Records contained in a dataset
----

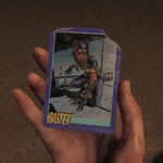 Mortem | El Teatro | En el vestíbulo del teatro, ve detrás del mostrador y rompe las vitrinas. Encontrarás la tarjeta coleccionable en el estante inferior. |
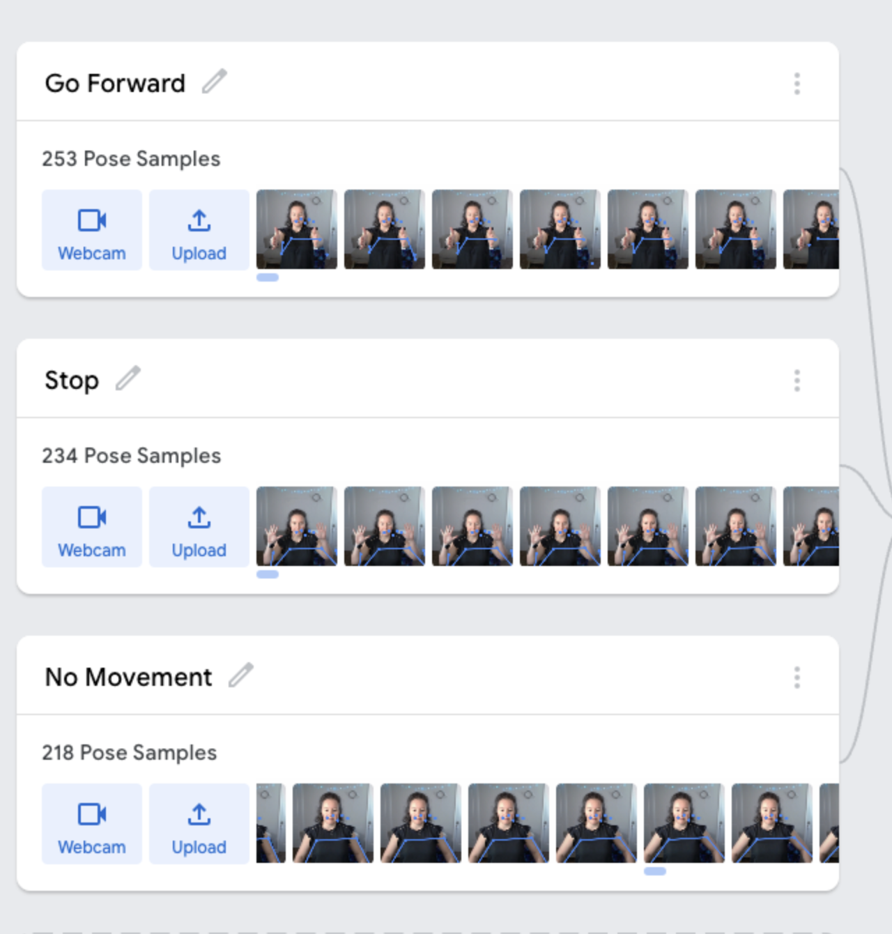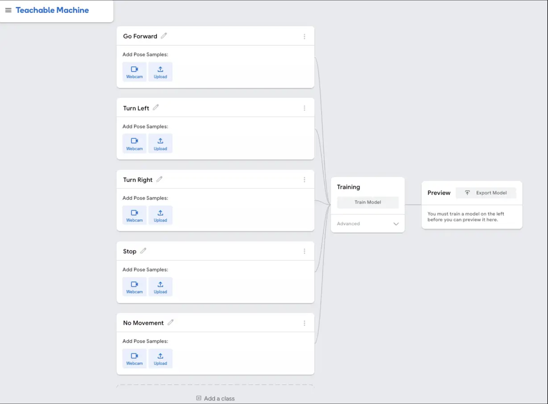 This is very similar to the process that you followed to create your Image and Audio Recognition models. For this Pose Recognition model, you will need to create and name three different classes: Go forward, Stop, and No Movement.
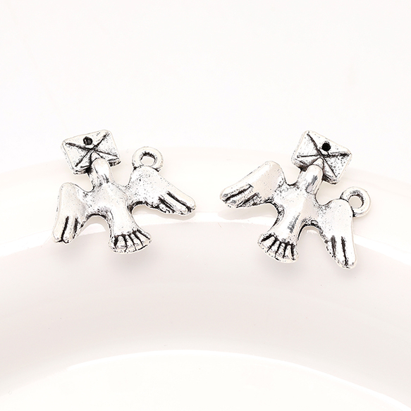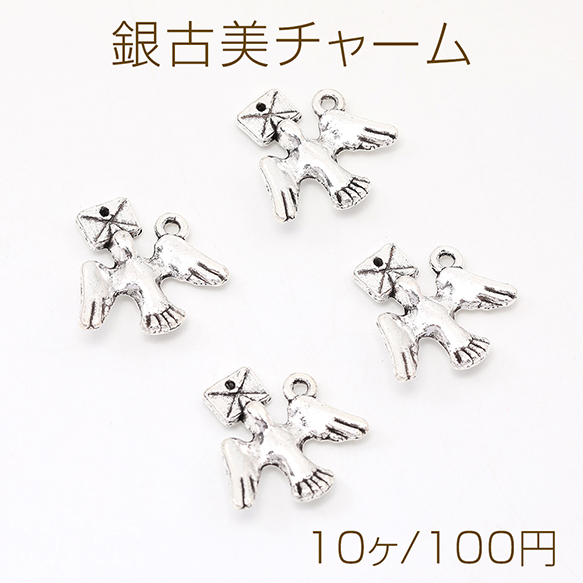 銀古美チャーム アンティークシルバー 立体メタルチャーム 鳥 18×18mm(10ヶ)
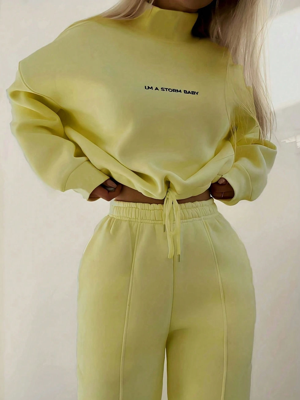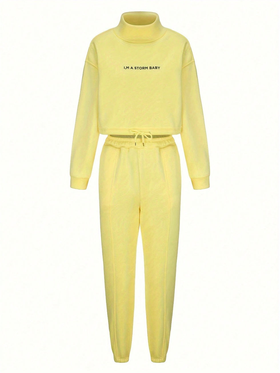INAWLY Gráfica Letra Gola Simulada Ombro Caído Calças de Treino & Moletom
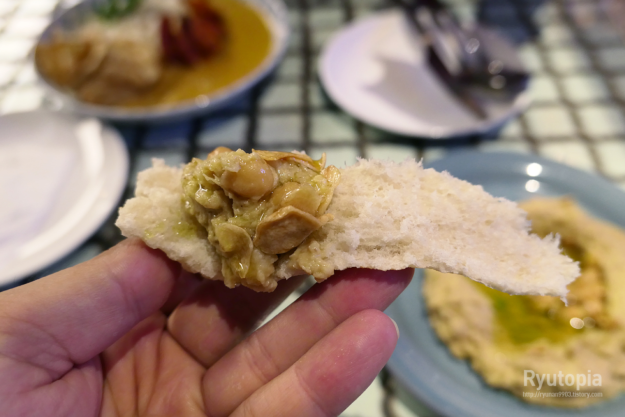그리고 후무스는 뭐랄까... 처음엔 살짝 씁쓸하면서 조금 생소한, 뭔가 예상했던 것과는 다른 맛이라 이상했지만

----

## WHAT NEEDS TO BE DONE
In the records above, find the line that contains "INAWLY Gráfica Letra". Print it and every later line exactly, omitting the pictures.

## TASK OUTPUT
INAWLY Gráfica Letra Gola Simulada Ombro Caído Calças de Treino & Moletom
그리고 후무스는 뭐랄까... 처음엔 살짝 씁쓸하면서 조금 생소한, 뭔가 예상했던 것과는 다른 맛이라 이상했지만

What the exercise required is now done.